India’s Dairy Sector

News: Union Budget 2022-23 is expected to boost the dairying and livestock sector with a host of measures to make it sustainable amid the ongoing Covid-19 pandemic.

Background:

  • Dairy is the single-largest agri-commodity in India. It contributes5% to the national economy and employs 80 million dairy farmers directly. A revival in economic activities, increasing per capita consumption of milk and milk products, changing dietary preferences and rising urbanisation in India, has driven the dairy industry to grow by 9-11% in 2021-22.
  • The livestock sector has grown at a Compound Annual Growth Rate (CAGR) of 8.15% over the last five years ending 2020. Growth in the liquid milk segment, which accounts for over half of the dairy industry, is likely to remain stable (6-7%). The organised dairy segment, which accounts for 26-30% of industry (by value), has seen faster growth, compared to the unorganised segment.
  • Dairy analogues, plant-based products and adulteration pose a major challenge and threat to the dairy industry. Shortage of fodder resources and ineffective control of animal diseases.  Absence of field oriented conservation strategy for indigenous breeds. Lack of skills and quality services to farmers for improving productivity and improper infrastructure to support the sector.

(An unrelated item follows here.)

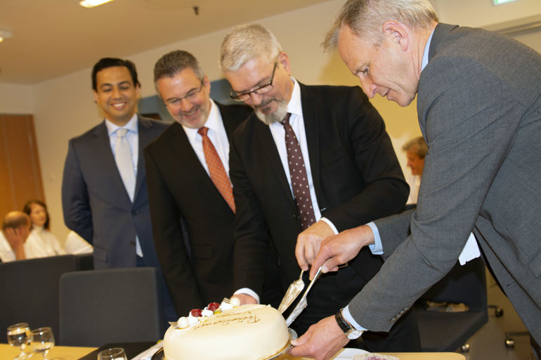 Administrerande direktør i Helse Bergen Eivind Hansen gjev teamet frå Varian Medical Systems ei hjelpande hand ved kakefeiringa under kontraktsigneringa.
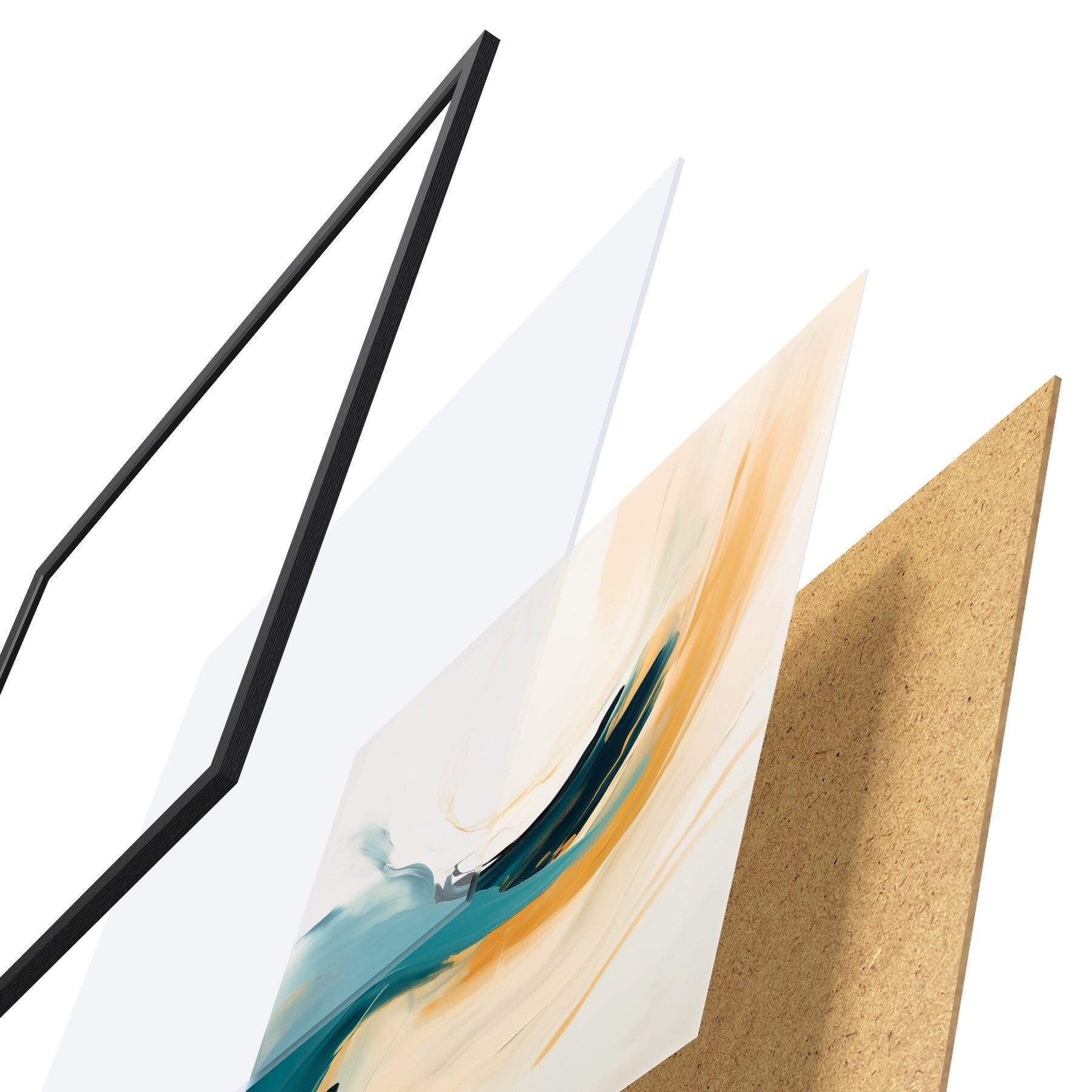 Das Poster besteht aus einem Rahmen, Plexiglas, einem gedruckten Bild und einer Rückwand aus Spanplatten. Dank der Halterungen auf der Rückseite kann das Poster sofort an die Wand gehängt werden.

Major Announcements under Latest Budget:

  • Border villages in northern India with a sparse population and limited connectivity, have been covered under the ‘New Vibrant Villages Programme’ in the new budget. Some 95% of livestock farmers are concentrated in rural India. Hence, infrastructure development under the Vibrant Villages Programme will play a significant role in enhancing market access for these livestock farmers. New Vibrant Villages Programme announced in the budget aims to improve social and financial infrastructure in remote habitations, primarily along the border with China, and will be an improved version of the existing border area development programme.
  • To provide a level playing field between co-operative societies and companies, alternate minimum tax has been reduced from 18.5% to 15%. Government has also proposed to reduce the surcharge on co-operative societies to 7% from 12% at present for those having total income of more than Rs. 1 crore and up to Rs. 10 crore. This would help enhance the income of cooperative societies and its members who are mostly from rural and farming communities.
  • Allocation for the Rashtriya Gokul Mission and National Programme for Dairy Development has been increased by 20% in 2022-23. It is expected to help in increasing the productivity of indigenous cattle and quality milk production. Allocation for the livestock sector has been increased by more than 40% for 2022-23 and the enhanced allocation for central sector schemes by more than 48% shows commitment by the government for the growth of livestock and dairy farmers.
  • An almost 60% enhancement in allocation for livestock health and disease control for 2022-23 over the previous year will ensure healthier livestock.
  • Incentivising digital banking, digital payments and fintech innovations will create a ripple effect in the livestock sector through greater transparency by streamlining payments during milk procurement. A completely paperless, e-bill system will be launched by ministries for procurement.